Images aside, return all the entries exactly.

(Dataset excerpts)
-=-=-
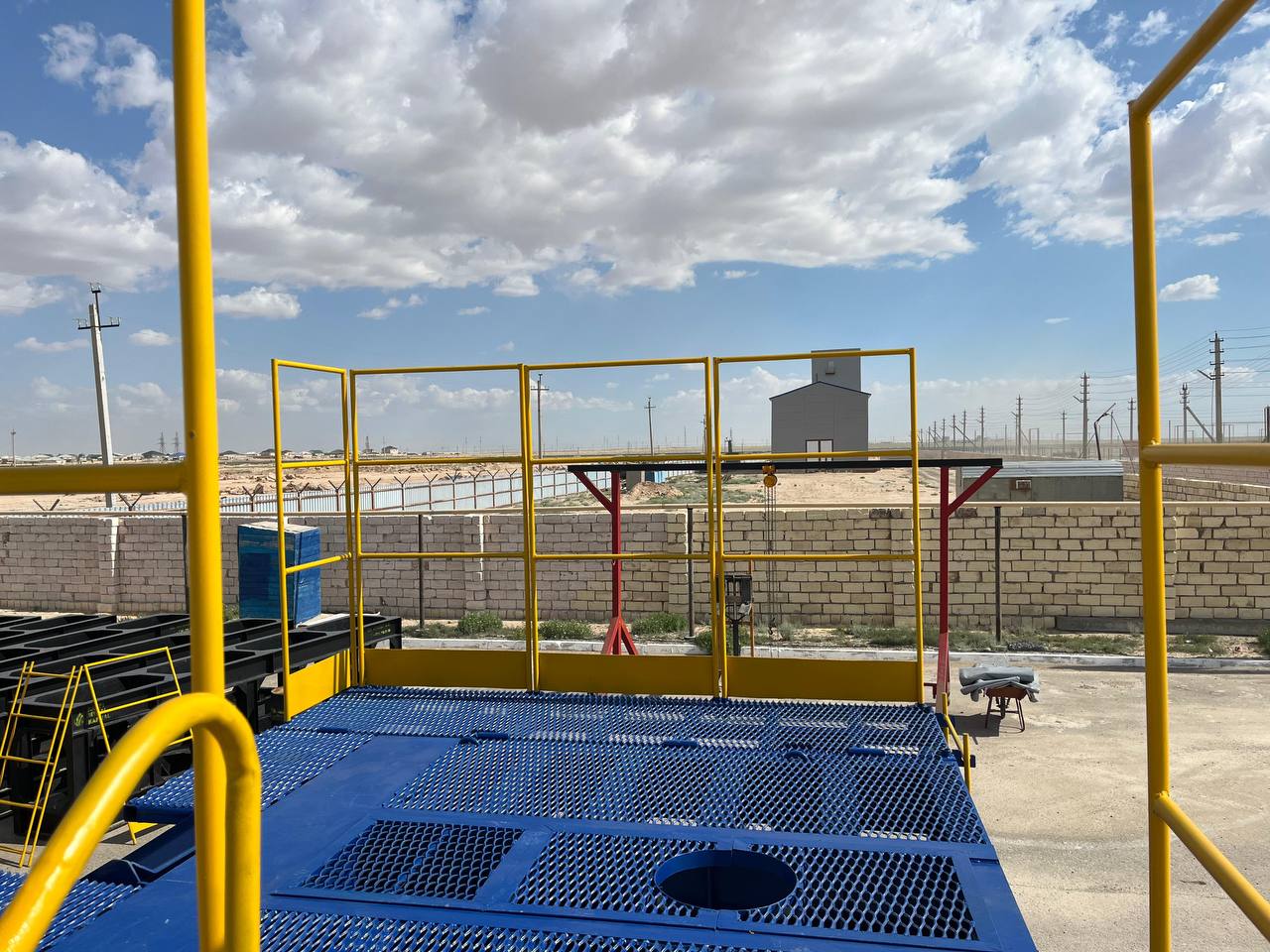 Приустьевая площадка используется для выполнения капитального ремонта в скважинах и технического обслуживания комплекта вспомогательных деталей. Варианты исполнения: с меняющейся высотой рабочего пространства подвижная, стационарная.
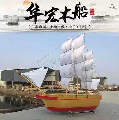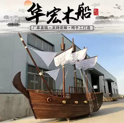 Wooden boat outdoor large landscape decoration sail photography props antique European pirate war Zheng He treasure ship ornament model
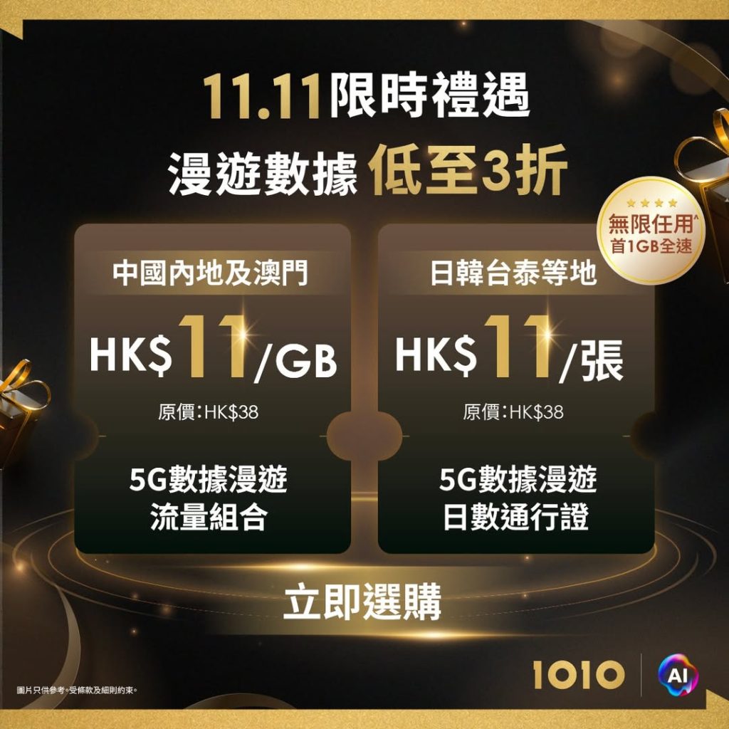 雙11優惠丨2. 1010漫遊數據低至 $11
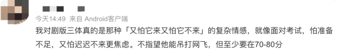 临近播出,有网友表示对剧版《三体》是一种“又怕它来又怕它不来”的复杂情感,担心播出后表现不佳,然而迟迟不来又只会更焦虑。
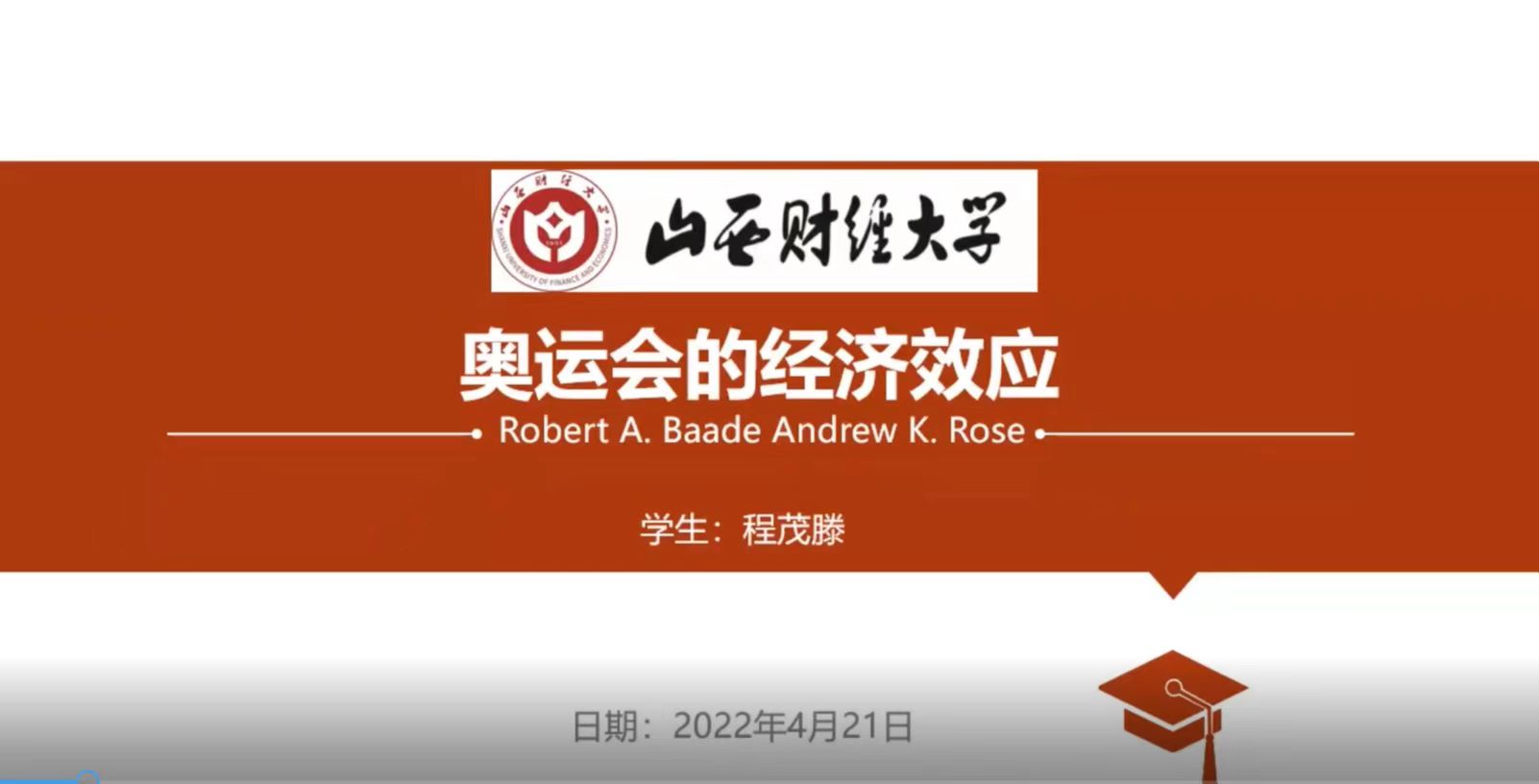 本次论坛由2020级硕士研究生程茂滕和2021级硕士研究生丁亦龙进行文献精讲。第一讲,程茂滕的主题是“奥运会的经济效应”,主讲文章为美国森林湖途游斗地主
-=-=-
### ANSWER SECTION
 Приустьевая площадка используется для выполнения капитального ремонта в скважинах и технического обслуживания комплекта вспомогательных деталей. Варианты исполнения: с меняющейся высотой рабочего пространства подвижная, стационарная.
 Wooden boat outdoor large landscape decoration sail photography props antique European pirate war Zheng He treasure ship ornament model
 雙11優惠丨2. 1010漫遊數據低至 $11
 临近播出,有网友表示对剧版《三体》是一种“又怕它来又怕它不来”的复杂情感,担心播出后表现不佳,然而迟迟不来又只会更焦虑。
 本次论坛由2020级硕士研究生程茂滕和2021级硕士研究生丁亦龙进行文献精讲。第一讲,程茂滕的主题是“奥运会的经济效应”,主讲文章为美国森林湖途游斗地主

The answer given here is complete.